(Entries taken from a collection)
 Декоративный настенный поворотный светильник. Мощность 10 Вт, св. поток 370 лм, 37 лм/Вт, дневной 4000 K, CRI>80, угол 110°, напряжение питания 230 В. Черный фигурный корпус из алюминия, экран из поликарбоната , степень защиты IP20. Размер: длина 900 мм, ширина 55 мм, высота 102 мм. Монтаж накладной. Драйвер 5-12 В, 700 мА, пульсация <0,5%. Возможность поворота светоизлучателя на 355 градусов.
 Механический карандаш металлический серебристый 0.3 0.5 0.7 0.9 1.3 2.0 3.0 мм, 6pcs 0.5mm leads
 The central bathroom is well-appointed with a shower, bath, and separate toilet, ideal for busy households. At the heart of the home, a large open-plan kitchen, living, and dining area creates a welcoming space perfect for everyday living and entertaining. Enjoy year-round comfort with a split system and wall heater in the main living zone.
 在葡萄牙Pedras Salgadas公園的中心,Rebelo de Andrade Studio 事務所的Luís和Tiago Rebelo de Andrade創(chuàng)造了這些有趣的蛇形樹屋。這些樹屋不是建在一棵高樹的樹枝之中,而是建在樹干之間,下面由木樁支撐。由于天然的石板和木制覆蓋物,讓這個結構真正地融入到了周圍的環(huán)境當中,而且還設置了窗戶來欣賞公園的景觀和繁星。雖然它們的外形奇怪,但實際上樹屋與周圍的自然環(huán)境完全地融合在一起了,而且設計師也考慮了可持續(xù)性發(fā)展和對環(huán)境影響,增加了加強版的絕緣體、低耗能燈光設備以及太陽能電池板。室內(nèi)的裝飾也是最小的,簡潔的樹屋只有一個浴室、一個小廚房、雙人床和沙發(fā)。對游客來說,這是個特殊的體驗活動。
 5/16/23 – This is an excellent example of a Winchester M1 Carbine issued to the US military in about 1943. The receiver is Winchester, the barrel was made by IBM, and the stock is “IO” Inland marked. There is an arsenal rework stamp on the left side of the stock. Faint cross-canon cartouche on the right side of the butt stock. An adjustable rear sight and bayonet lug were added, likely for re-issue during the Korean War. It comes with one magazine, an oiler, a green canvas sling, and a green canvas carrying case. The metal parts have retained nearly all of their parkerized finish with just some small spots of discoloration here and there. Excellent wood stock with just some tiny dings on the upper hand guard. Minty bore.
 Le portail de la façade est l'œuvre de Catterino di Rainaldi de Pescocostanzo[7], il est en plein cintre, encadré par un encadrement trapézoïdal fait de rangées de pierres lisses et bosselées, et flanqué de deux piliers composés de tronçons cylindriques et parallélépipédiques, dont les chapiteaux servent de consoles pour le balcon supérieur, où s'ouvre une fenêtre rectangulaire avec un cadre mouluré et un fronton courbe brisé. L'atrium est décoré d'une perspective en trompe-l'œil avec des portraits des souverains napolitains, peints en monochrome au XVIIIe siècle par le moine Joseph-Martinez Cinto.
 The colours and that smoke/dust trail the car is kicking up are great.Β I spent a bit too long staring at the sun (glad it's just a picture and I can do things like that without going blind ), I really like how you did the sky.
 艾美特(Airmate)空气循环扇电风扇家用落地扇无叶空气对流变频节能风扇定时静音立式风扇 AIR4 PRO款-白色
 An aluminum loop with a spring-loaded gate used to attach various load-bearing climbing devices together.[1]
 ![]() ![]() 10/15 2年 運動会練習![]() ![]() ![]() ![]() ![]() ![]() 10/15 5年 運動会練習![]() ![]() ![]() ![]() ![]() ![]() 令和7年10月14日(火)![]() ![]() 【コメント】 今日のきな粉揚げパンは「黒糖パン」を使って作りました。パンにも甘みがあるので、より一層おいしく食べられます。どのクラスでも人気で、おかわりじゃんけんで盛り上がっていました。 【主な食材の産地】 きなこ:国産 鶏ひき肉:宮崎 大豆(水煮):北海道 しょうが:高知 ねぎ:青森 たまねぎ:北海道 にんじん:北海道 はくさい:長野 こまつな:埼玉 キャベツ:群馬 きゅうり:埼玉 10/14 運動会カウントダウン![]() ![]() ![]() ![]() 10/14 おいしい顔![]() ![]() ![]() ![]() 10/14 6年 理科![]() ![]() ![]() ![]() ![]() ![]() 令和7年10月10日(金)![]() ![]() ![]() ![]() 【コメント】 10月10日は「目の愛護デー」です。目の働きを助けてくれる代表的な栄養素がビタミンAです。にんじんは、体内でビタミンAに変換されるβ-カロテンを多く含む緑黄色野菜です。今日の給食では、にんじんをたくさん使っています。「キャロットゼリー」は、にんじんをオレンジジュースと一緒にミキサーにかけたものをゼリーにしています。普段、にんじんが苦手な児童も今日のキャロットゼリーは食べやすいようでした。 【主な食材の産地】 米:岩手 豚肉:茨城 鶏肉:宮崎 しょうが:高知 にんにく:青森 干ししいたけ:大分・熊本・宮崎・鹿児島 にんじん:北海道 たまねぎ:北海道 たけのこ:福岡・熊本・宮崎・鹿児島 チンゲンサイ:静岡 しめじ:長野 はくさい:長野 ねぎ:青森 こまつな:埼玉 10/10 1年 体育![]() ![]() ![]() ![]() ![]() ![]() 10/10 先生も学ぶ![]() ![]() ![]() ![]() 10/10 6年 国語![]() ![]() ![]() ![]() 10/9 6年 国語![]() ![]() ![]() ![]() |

• WORK REQUEST
Would you repeat the records above without any changes?

• FINISHED TASK
 Декоративный настенный поворотный светильник. Мощность 10 Вт, св. поток 370 лм, 37 лм/Вт, дневной 4000 K, CRI>80, угол 110°, напряжение питания 230 В. Черный фигурный корпус из алюминия, экран из поликарбоната , степень защиты IP20. Размер: длина 900 мм, ширина 55 мм, высота 102 мм. Монтаж накладной. Драйвер 5-12 В, 700 мА, пульсация <0,5%. Возможность поворота светоизлучателя на 355 градусов.
 Механический карандаш металлический серебристый 0.3 0.5 0.7 0.9 1.3 2.0 3.0 мм, 6pcs 0.5mm leads
 The central bathroom is well-appointed with a shower, bath, and separate toilet, ideal for busy households. At the heart of the home, a large open-plan kitchen, living, and dining area creates a welcoming space perfect for everyday living and entertaining. Enjoy year-round comfort with a split system and wall heater in the main living zone.
 在葡萄牙Pedras Salgadas公園的中心,Rebelo de Andrade Studio 事務所的Luís和Tiago Rebelo de Andrade創(chuàng)造了這些有趣的蛇形樹屋。這些樹屋不是建在一棵高樹的樹枝之中,而是建在樹干之間,下面由木樁支撐。由于天然的石板和木制覆蓋物,讓這個結構真正地融入到了周圍的環(huán)境當中,而且還設置了窗戶來欣賞公園的景觀和繁星。雖然它們的外形奇怪,但實際上樹屋與周圍的自然環(huán)境完全地融合在一起了,而且設計師也考慮了可持續(xù)性發(fā)展和對環(huán)境影響,增加了加強版的絕緣體、低耗能燈光設備以及太陽能電池板。室內(nèi)的裝飾也是最小的,簡潔的樹屋只有一個浴室、一個小廚房、雙人床和沙發(fā)。對游客來說,這是個特殊的體驗活動。
 5/16/23 – This is an excellent example of a Winchester M1 Carbine issued to the US military in about 1943. The receiver is Winchester, the barrel was made by IBM, and the stock is “IO” Inland marked. There is an arsenal rework stamp on the left side of the stock. Faint cross-canon cartouche on the right side of the butt stock. An adjustable rear sight and bayonet lug were added, likely for re-issue during the Korean War. It comes with one magazine, an oiler, a green canvas sling, and a green canvas carrying case. The metal parts have retained nearly all of their parkerized finish with just some small spots of discoloration here and there. Excellent wood stock with just some tiny dings on the upper hand guard. Minty bore.
 Le portail de la façade est l'œuvre de Catterino di Rainaldi de Pescocostanzo[7], il est en plein cintre, encadré par un encadrement trapézoïdal fait de rangées de pierres lisses et bosselées, et flanqué de deux piliers composés de tronçons cylindriques et parallélépipédiques, dont les chapiteaux servent de consoles pour le balcon supérieur, où s'ouvre une fenêtre rectangulaire avec un cadre mouluré et un fronton courbe brisé. L'atrium est décoré d'une perspective en trompe-l'œil avec des portraits des souverains napolitains, peints en monochrome au XVIIIe siècle par le moine Joseph-Martinez Cinto.
 The colours and that smoke/dust trail the car is kicking up are great.Β I spent a bit too long staring at the sun (glad it's just a picture and I can do things like that without going blind ), I really like how you did the sky.
 艾美特(Airmate)空气循环扇电风扇家用落地扇无叶空气对流变频节能风扇定时静音立式风扇 AIR4 PRO款-白色
 An aluminum loop with a spring-loaded gate used to attach various load-bearing climbing devices together.[1]
 ![]() ![]() 10/15 2年 運動会練習![]() ![]() ![]() ![]() ![]() ![]() 10/15 5年 運動会練習![]() ![]() ![]() ![]() ![]() ![]() 令和7年10月14日(火)![]() ![]() 【コメント】 今日のきな粉揚げパンは「黒糖パン」を使って作りました。パンにも甘みがあるので、より一層おいしく食べられます。どのクラスでも人気で、おかわりじゃんけんで盛り上がっていました。 【主な食材の産地】 きなこ:国産 鶏ひき肉:宮崎 大豆(水煮):北海道 しょうが:高知 ねぎ:青森 たまねぎ:北海道 にんじん:北海道 はくさい:長野 こまつな:埼玉 キャベツ:群馬 きゅうり:埼玉 10/14 運動会カウントダウン![]() ![]() ![]() ![]() 10/14 おいしい顔![]() ![]() ![]() ![]() 10/14 6年 理科![]() ![]() ![]() ![]() ![]() ![]() 令和7年10月10日(金)![]() ![]() ![]() ![]() 【コメント】 10月10日は「目の愛護デー」です。目の働きを助けてくれる代表的な栄養素がビタミンAです。にんじんは、体内でビタミンAに変換されるβ-カロテンを多く含む緑黄色野菜です。今日の給食では、にんじんをたくさん使っています。「キャロットゼリー」は、にんじんをオレンジジュースと一緒にミキサーにかけたものをゼリーにしています。普段、にんじんが苦手な児童も今日のキャロットゼリーは食べやすいようでした。 【主な食材の産地】 米:岩手 豚肉:茨城 鶏肉:宮崎 しょうが:高知 にんにく:青森 干ししいたけ:大分・熊本・宮崎・鹿児島 にんじん:北海道 たまねぎ:北海道 たけのこ:福岡・熊本・宮崎・鹿児島 チンゲンサイ:静岡 しめじ:長野 はくさい:長野 ねぎ:青森 こまつな:埼玉 10/10 1年 体育![]() ![]() ![]() ![]() ![]() ![]() 10/10 先生も学ぶ![]() ![]() ![]() ![]() 10/10 6年 国語![]() ![]() ![]() ![]() 10/9 6年 国語![]() ![]() ![]() ![]() |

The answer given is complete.